Имеется в виду предисловие к пьесе Синга, над которым К. И. долго и мучительно трудился (как, впрочем, и над самим переводом пьесы). «Болван скудоумный», «хамоватый тупица», – не может успокоиться Чуковский, перечитывая малограмотные строки зачеркнувшего его труд постановления: «Пусть бы зарезали статейку, черт с нею, но как-нибудь умнее, каким-нб. острым ножом». И сам себя уговаривает: «Да и какая беда, если никто не прочтет предисловия, – ведь вся Россия – вот такие Старостины, без юмора, тупые и счастливые».

Вот как он отзывается о своих слушателях: «Я читал в Доме Печати о Синге, но успеха не имел. Никому не интересен Синг, и вообще московская нэпманская публика, посещающая лекции, жаждет не знаний, а скандалов».

Культурная жизнь бывшей столицы скудеет.
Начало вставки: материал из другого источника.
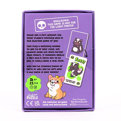 Sneak out a fart without the other players catching wind in this hilarious game of gas! Just play a matching animal to get rid of your cards, but beware! Some are much fartier than others. If someone smells a fart and it turns out to be you, it could cause a real stink. Will you be crowned Queen of Farts or will you be left with a bad taste in your mouth?

Осенью 1922 года окончательно закрылись и Дом литераторов, и Дом искусств.

«У меня большая грусть: я чувствую, как со всех сторон меня сжал сплошной нэп – что мои книги, моя психология, мое ощущение жизни никому не нужно», – пишет Чуковский в начале 1923 года. И еще: «Страшно чувствую свою неприкаянность. Я – без гнезда, без друзей, без идей, без своих и чужих. Вначале мне эта позиция казалась победной и смелой, а сейчас она означает только круглое сиротство и тоску. В журналах и газетах – везде меня бранят, как чужого. И мне не больно, что бранят, а больно, что – чужой».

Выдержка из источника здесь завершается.